What you return should be only the lines in the entries below between the one holding "Dreamcrest Women's Scrub" and the one holding "Balaramapur village has", ends included, with every picture left out.

Available data
*** Block opens ***

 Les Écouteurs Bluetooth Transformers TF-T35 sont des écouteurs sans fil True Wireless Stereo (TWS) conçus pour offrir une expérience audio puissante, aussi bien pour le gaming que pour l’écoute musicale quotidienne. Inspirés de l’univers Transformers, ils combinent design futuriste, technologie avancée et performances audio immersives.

*** Block closes ***
*** Block opens ***

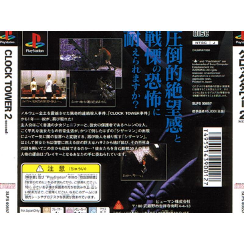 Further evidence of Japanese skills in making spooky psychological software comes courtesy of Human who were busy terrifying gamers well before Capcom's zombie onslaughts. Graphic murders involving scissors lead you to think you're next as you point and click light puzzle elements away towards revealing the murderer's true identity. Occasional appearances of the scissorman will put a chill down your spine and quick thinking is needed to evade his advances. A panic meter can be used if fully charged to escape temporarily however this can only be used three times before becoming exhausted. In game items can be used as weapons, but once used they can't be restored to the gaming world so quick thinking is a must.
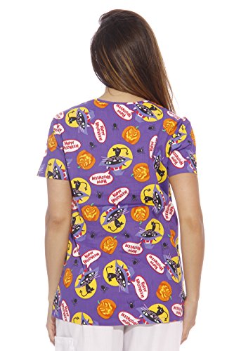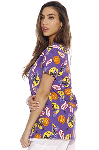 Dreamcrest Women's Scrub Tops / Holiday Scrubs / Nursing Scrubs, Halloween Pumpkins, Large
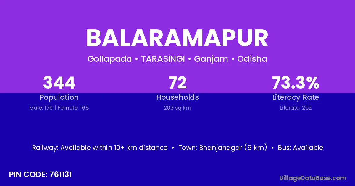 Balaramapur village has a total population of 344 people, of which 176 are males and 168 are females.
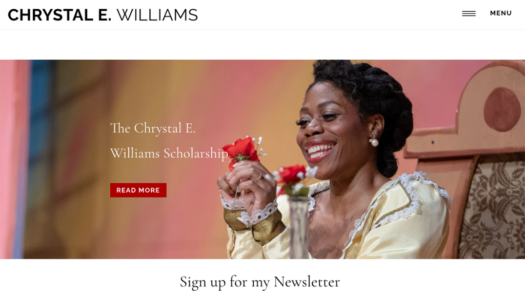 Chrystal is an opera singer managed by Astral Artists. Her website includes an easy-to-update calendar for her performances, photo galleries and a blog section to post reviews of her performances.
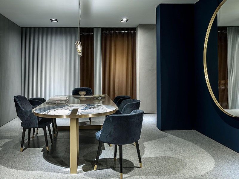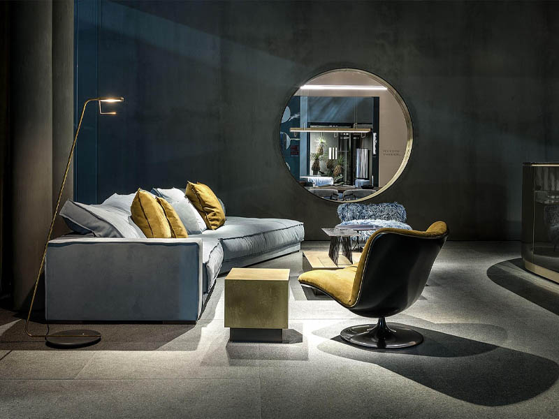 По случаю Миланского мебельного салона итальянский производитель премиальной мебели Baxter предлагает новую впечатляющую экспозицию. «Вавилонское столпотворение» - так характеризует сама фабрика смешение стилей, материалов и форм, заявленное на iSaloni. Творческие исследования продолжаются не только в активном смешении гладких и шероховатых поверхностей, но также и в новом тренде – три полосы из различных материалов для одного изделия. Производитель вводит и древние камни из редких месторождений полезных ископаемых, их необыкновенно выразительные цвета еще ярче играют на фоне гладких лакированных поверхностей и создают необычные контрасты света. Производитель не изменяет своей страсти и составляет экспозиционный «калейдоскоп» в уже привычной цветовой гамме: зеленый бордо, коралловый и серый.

*** Block closes ***

Result
 Dreamcrest Women's Scrub Tops / Holiday Scrubs / Nursing Scrubs, Halloween Pumpkins, Large
 Balaramapur village has a total population of 344 people, of which 176 are males and 168 are females.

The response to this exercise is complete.